Centering changes the interpretation and numerical stability of the intercept and main effects; it does not change fitted probabilities for this interaction surface.

Code
np.max(np.abs(fit_4.predict(wells) - fit_5.predict(wells)))
np.float64(2.220446049250313e-16)

Social predictors and education interactions

Code
fit_6 = fit_logit("y ~ dist100 + arsenic + educ4 + assoc")
fit_7 = fit_logit("y ~ dist100 + arsenic + educ4")
wells["c_educ4"] = wells["educ4"] - wells["educ4"].mean()
fit_8 = fit_logit("y ~ c_dist100 + c_arsenic + c_educ4 + c_dist100:c_educ4 + c_arsenic:c_educ4")
pd.concat({
    "with association": summarize_fit(fit_6)["coef"],
    "without association": summarize_fit(fit_7)["coef"],
    "education interactions": summarize_fit(fit_8)["coef"],
}, axis=1).round(2)
with association without association education interactions
Intercept -0.16 -0.21 0.34
dist100 -0.90 -0.90 NaN
arsenic 0.47 0.47 NaN
educ4 0.17 0.17 NaN
assoc -0.12 NaN NaN
c_dist100 NaN NaN -0.92
c_arsenic NaN NaN 0.49
c_educ4 NaN NaN 0.19
c_dist100:c_educ4 NaN NaN 0.33
c_arsenic:c_educ4 NaN NaN 0.08
Code
scores = pd.Series({
    "dist100 + arsenic": in_sample_log_score(fit_3),
    "+ interaction": in_sample_log_score(fit_4),
    "+ educ4 + assoc": in_sample_log_score(fit_6),
    "+ educ4": in_sample_log_score(fit_7),
    "+ education interactions": in_sample_log_score(fit_8),
})
scores.round(1)
dist100 + arsenic          -1965.3
+ interaction              -1963.8
+ educ4 + assoc            -1953.9
+ educ4                    -1955.2
+ education interactions   -1946.5
dtype: float64
Code
pred8 = fit_8.predict(wells)
improvement_38 = np.r_[pred8[y == 1] - pred3[y == 1], pred3[y == 0] - pred8[y == 0]].mean()
round(float(improvement_38), 3)
0.005

Log transform of arsenic

Code
wells["log_arsenic"] = np.log(wells["arsenic"])
wells["c_log_arsenic"] = wells["log_arsenic"] - wells["log_arsenic"].mean()
fit_3a = fit_logit("y ~ dist100 + log_arsenic")
fit_4a = fit_logit("y ~ dist100 * log_arsenic")
fit_8a = fit_logit("y ~ c_dist100 + c_log_arsenic + c_educ4 + c_dist100:c_educ4 + c_log_arsenic:c_educ4")
pd.Series({
    "dist100 + arsenic": in_sample_log_score(fit_3),
    "dist100 + log(arsenic)": in_sample_log_score(fit_3a),
    "+ log interaction": in_sample_log_score(fit_4a),
    "+ log arsenic education interactions": in_sample_log_score(fit_8a),
}).round(1)
dist100 + arsenic                      -1965.3
dist100 + log(arsenic)                 -1949.2
+ log interaction                      -1948.4
+ log arsenic education interactions   -1931.9
dtype: float64

Leave-one-out note

The R source reports PSIS-LOO via loo() for the fitted stan_glm objects.

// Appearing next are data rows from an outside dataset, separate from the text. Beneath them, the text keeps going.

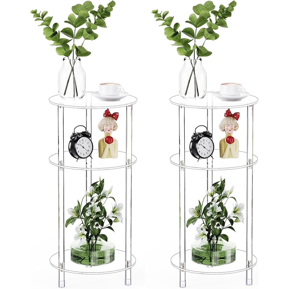 3-Tier Clear Round Acrylic Side Table Set of 2, Small Space End Table for Living Room, Bedroom, Bathroom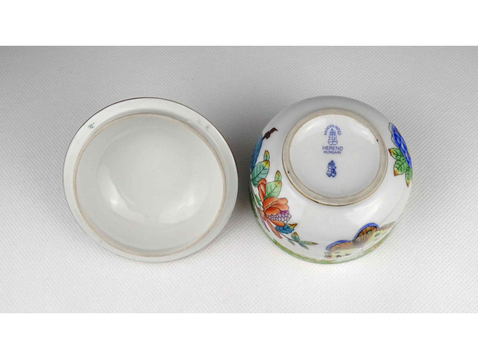 Antik Viktória mintás Herendi porcelán bonbonier 9.2 cm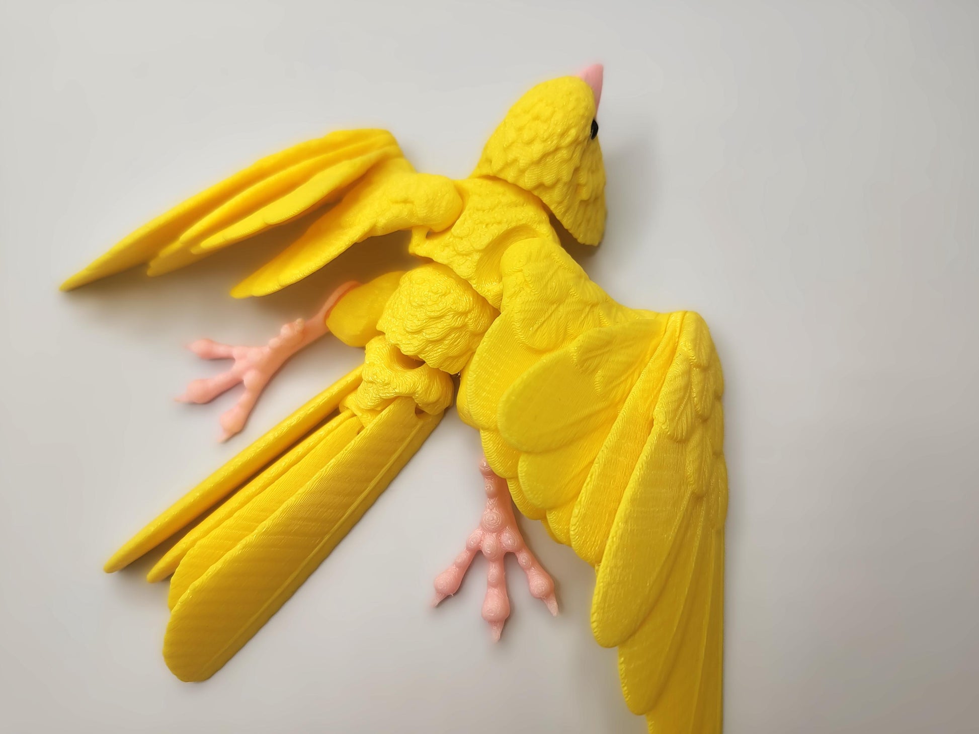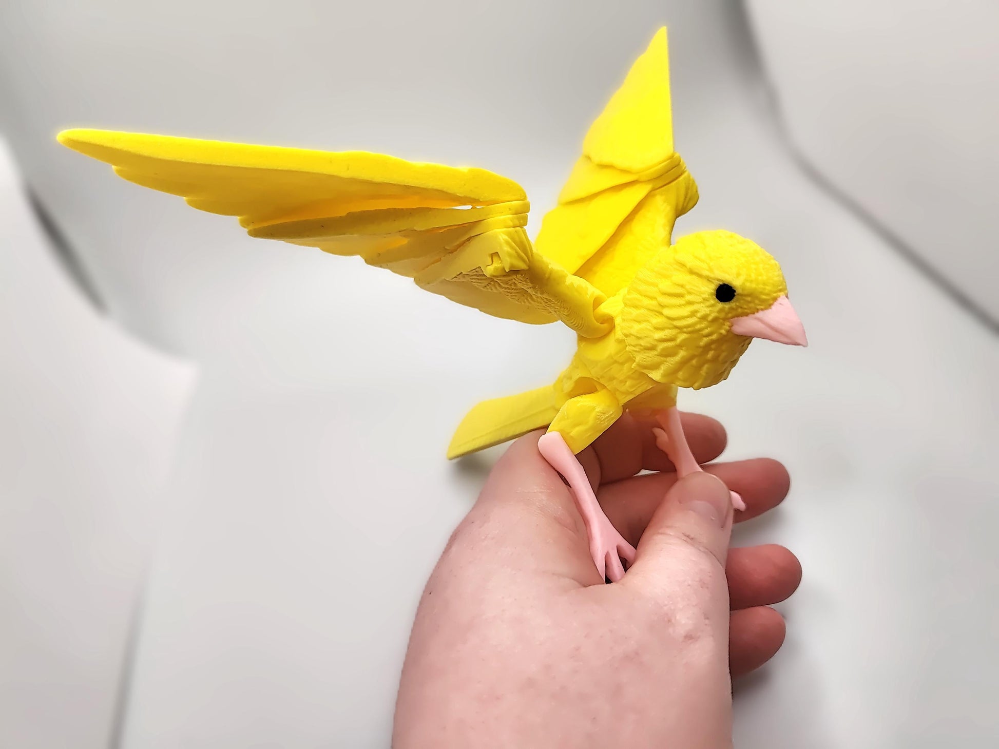 Bring a touch of sunshine into your space with this beautifully detailed 3D-printed articulated canary! With its cheerful presence and fully poseable design, this little songbird features moving wings, individual wing feathers, tail feathers, and a turnable head—perfect for display, fidgeting, or creative photography.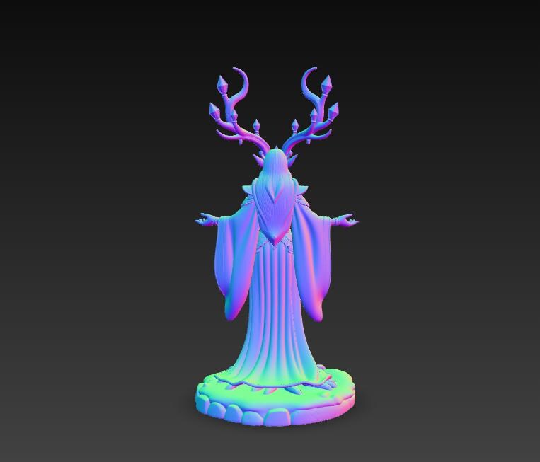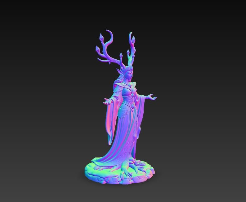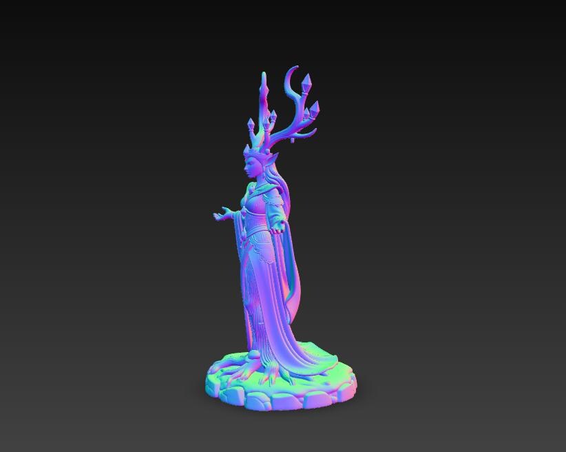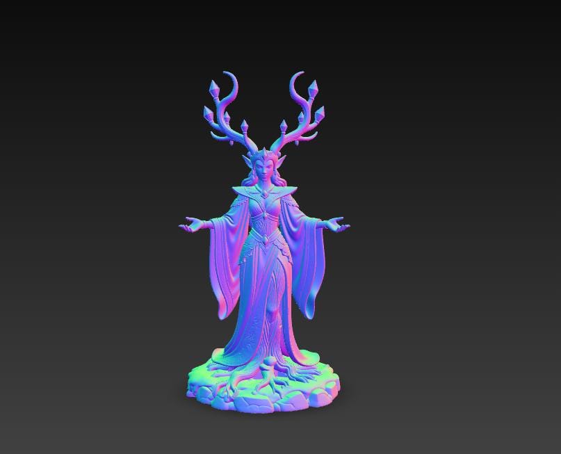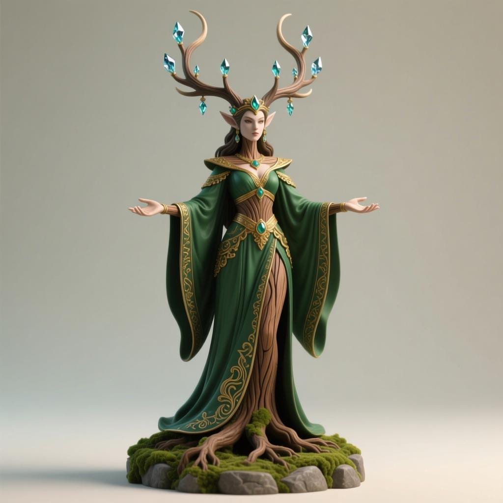 Digital STL download for a detailed elven forest queen sorceress statue—perfect for fantasy RPG tabletop display, mystical home decor, and collector shelf centerpiece. Single-piece, one-color model for easy 3D printing.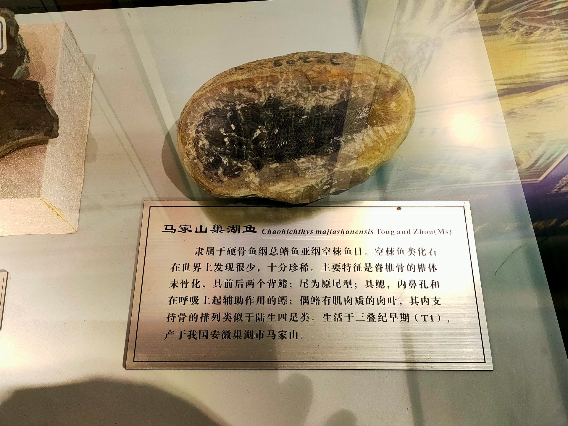 2006年,安徽巢湖下三叠统报道了空棘鱼的一个新属种,即马家山巢湖鱼。逸夫博物馆这条马家山巢湖鱼化石由童金南教授在安徽从事科考工作时发现,并捐赠给地大。从这条马家山巢湖鱼看到,它头骨呈长梭形,体长11cm,两侧对称,鱼鳞清晰可数,保存完整且精美,年代为三叠纪早期。
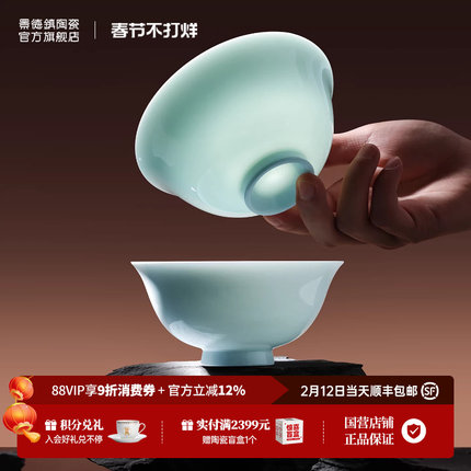 景德镇官方手工餐具陶瓷高温白瓷吃饭碗盘纯色中式套装礼盒家用

With only optimized frequentist fits we cannot reproduce PSIS-LOO exactly. The in-sample log scores above are useful for checking the model-building sequence, but they are optimistic; for full Bayesian LOO in Python, fit the same Bernoulli-logit model in CmdStanPy with a generated log_lik matrix and pass the result to arviz.loo.